“D’Annunzio Jazz” con la straordinaria Elisabetta Femiano

A cura di Cora Craus –
Domenica, 9 novembre alle ore 18 presso il teatro Comunale Gabriele D’Annunzio di Latina sarà presentato, con la regia di Danilo Proia, il lavoro “D’Annunzio Jazz”, ispirato all’opera “La figlia di Iorio” del Vate.
Sul palco, oltre allo stesso regista interprete di Aligi, lo affiancheranno Elisabetta Femiano nel ruolo di Mila, Emanuele Vezzoli nel ruolo del padre, dalla chitarra di Simone Salvatori, il sax di Laura Venditti e la voce di Maria Chiara Sorbo nel ruolo di Vienda.
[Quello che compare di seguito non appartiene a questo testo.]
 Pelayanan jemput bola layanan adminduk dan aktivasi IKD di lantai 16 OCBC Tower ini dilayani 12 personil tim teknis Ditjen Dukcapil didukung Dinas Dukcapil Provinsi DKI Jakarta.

Lo spettacolo è realizzato dall’ Associazione Culturale Multimedia Artisti Associati dall’ Associazione Culturale Compagnia il Gruppo dell’Arte e dallo sponsor FC INDUSTRIE Femiano & Rossetto che con il suo contributo ha accolto e sostenuto il progetto artistico.
“La regia di Danilo Proia – si legge in una nota – vuol condurre il pubblico, da subito, in una sorta di iniziazione di sapore misterico, in un viaggio avvolto nelle nebbie dell’onirico, rivelatore di enigmi e conoscenze.
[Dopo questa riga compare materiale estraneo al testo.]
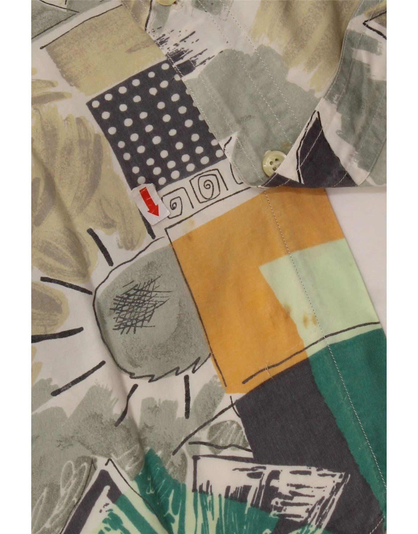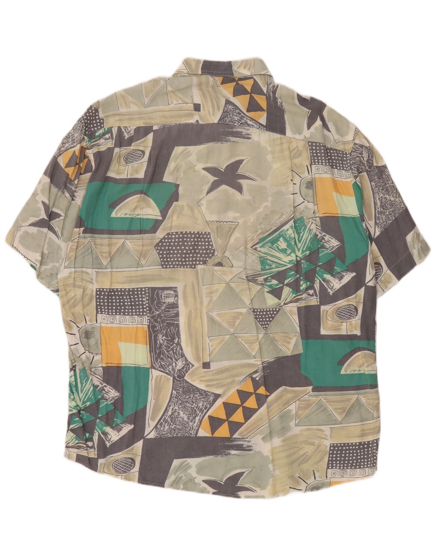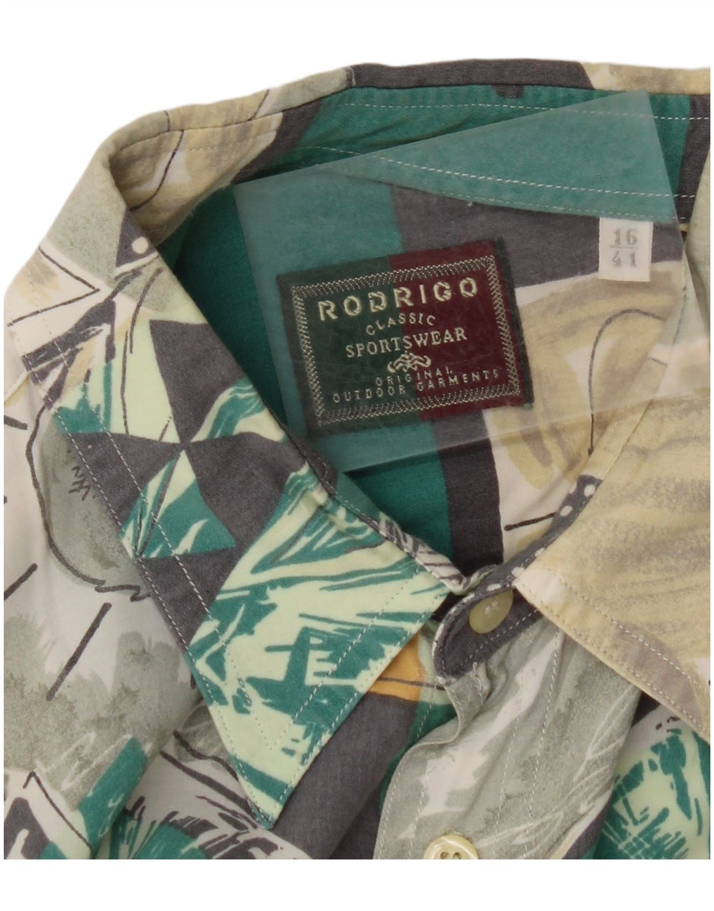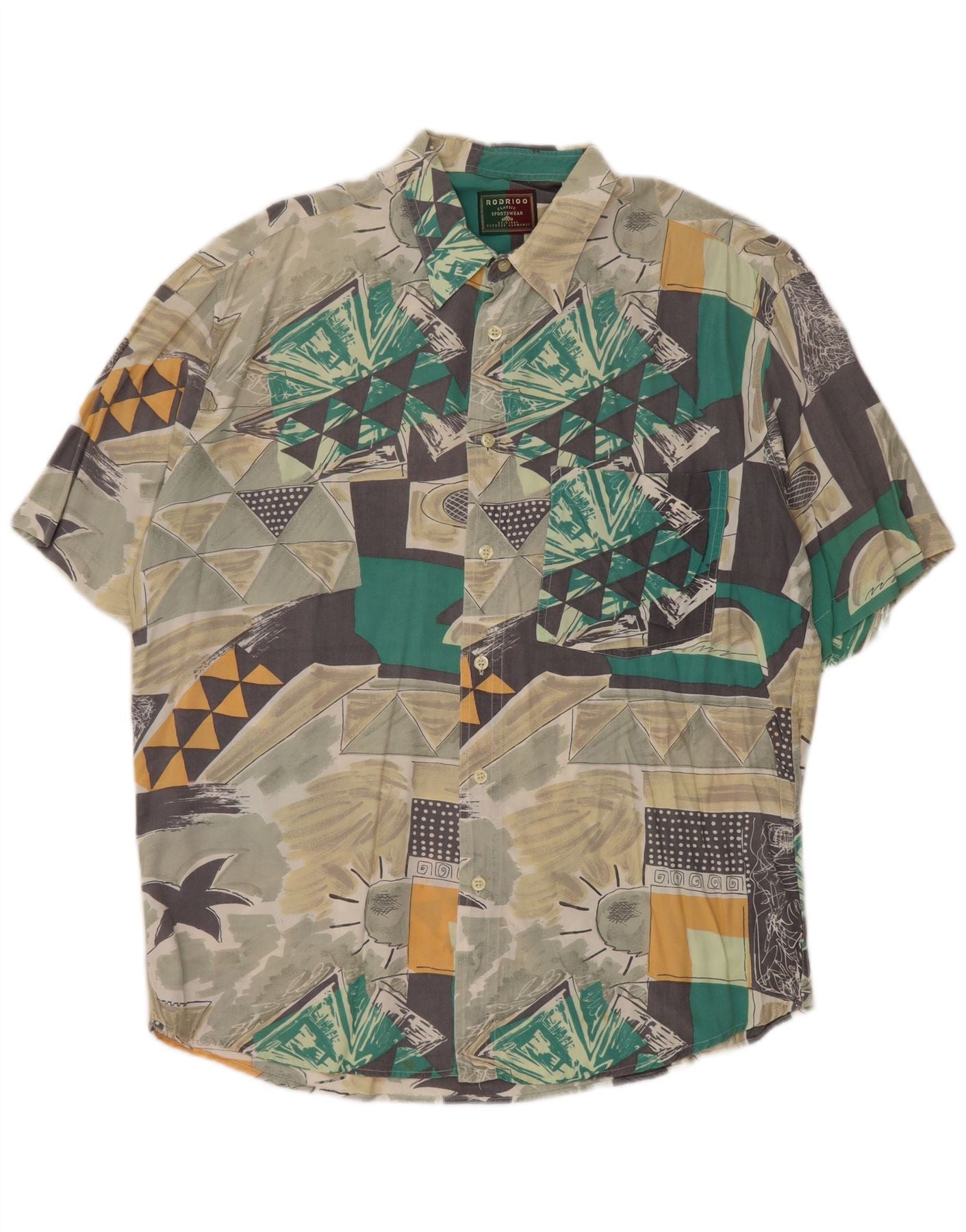 RODRIGO Camisa masculina de manga curta tamanho 16 41 grande multicolorida geométrica

Lo spettacolo è una rivisitazione del capolavoro di Gabriele D’Annunzio, che segnò, nei primi del ‘900, un cambiamento impattante nella scena teatrale italiana. D’Annunzio, il poeta, il drammaturgo, lo sperimentatore per eccellenza, l’artefice sublime di un linguaggio che, proprio con “La figlia di Iorio”, trova il suo massimo equilibrio tra la liricità della poesia e l’intensità drammatica della scena. Tanti gli interpreti che, da quel felice debutto milanese del 1904, si sono confrontati con il ruolo di Aligi e di Mila: da Ruggero Ruggeri ed Eleonora Duse, sostituita poi da Irma Gramatica, a Giorgio Albertazzi e Anna Proclemer, affiancati da Salvo Randone nel ruolo di Lazaro di Roio. Con questa potente storia di amore, turbamento e sacrificio, il vate Gabriele D’Annunzio realizza quel suo intento tanto anelato di realizzare un teatro “rituale e mitico”, in un perfetto equilibrio tra passato e presente”.
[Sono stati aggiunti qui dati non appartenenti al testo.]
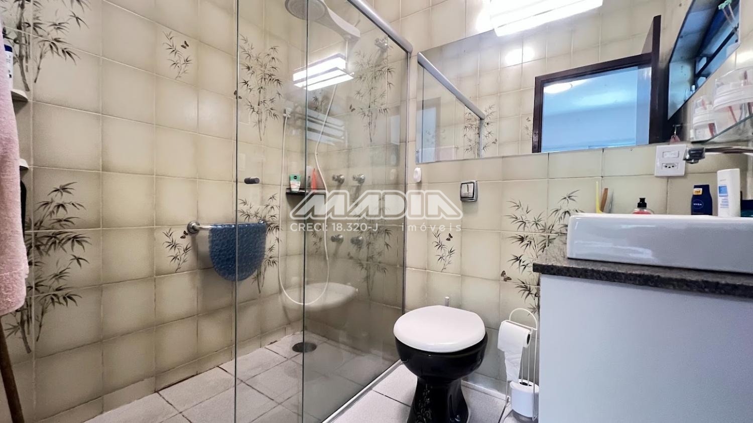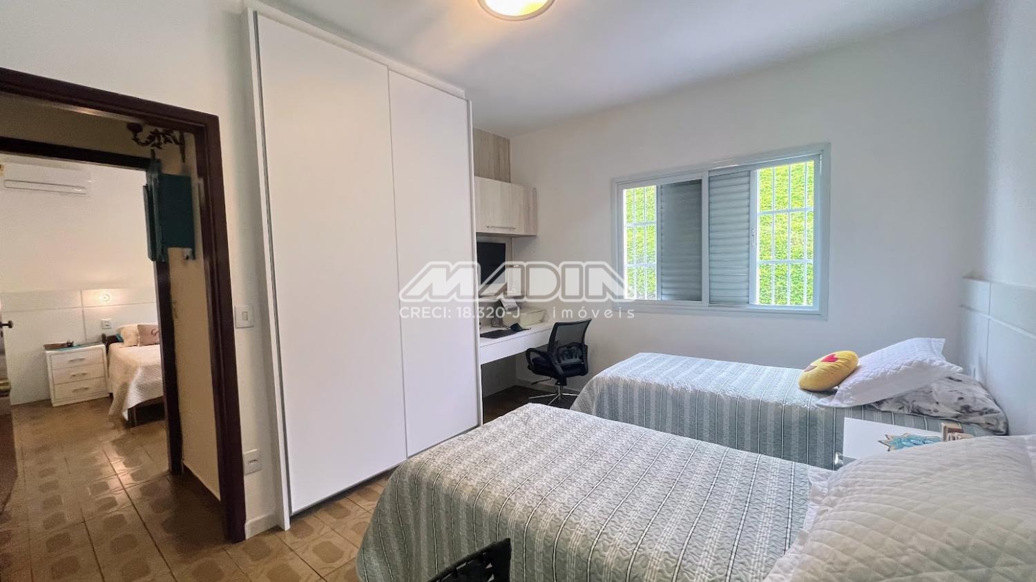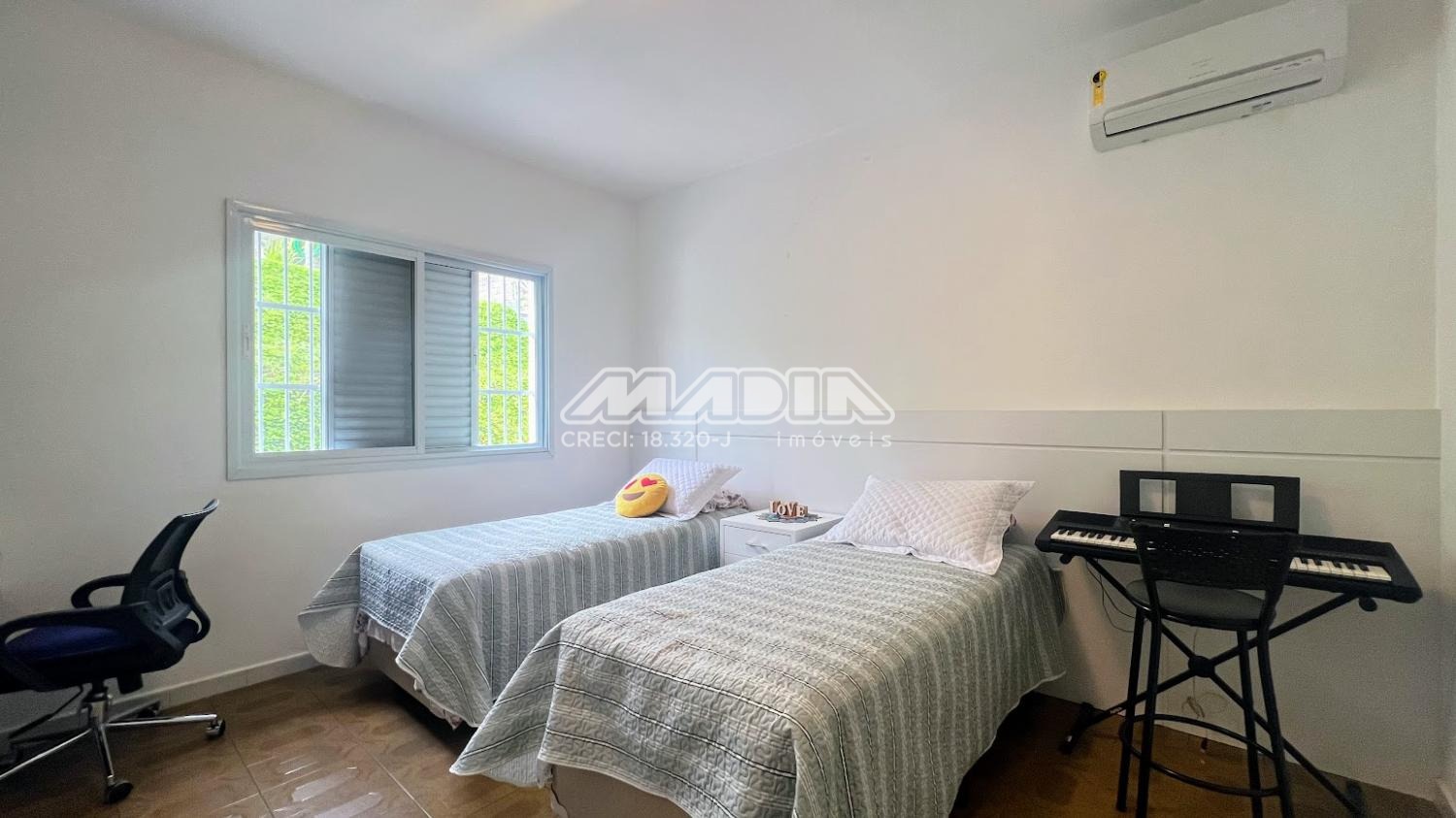 Área de serviço tem portas de correr em alumínio e vidro. Todos os cômodos são protegidos por telas mosqueteiras e têm ar condicionado, tipo split.

Note di regia del “D’Annunzio Jazz”:
“Al termine di una festa pre-matrimoniale Aligi rimane solo con la sua promessa sposa Vienda. Tra balli e musica, i due amoreggiano divertiti. Vienda, felice, canta il suo amore. Tutto sembra volgere al meglio quando improvvisamente entra in casa una donna. È Mila di Codra, figlia di Iorio, che afferma di essere inseguita da uomini che vogliono violentarla. Alle ripetute richieste di Mila nessuno risponde e Aligi, incitato dalle voci di diffidenza, odio e paura, si lascia convincere di colpirla a morte. Mentre è in procinto di sferrare il colpo, un angelo muto e piangente gli appare in tutto il suo splendore. La visione ferma l’intento omicida di Aligi permettendo a Mila di salvarsi.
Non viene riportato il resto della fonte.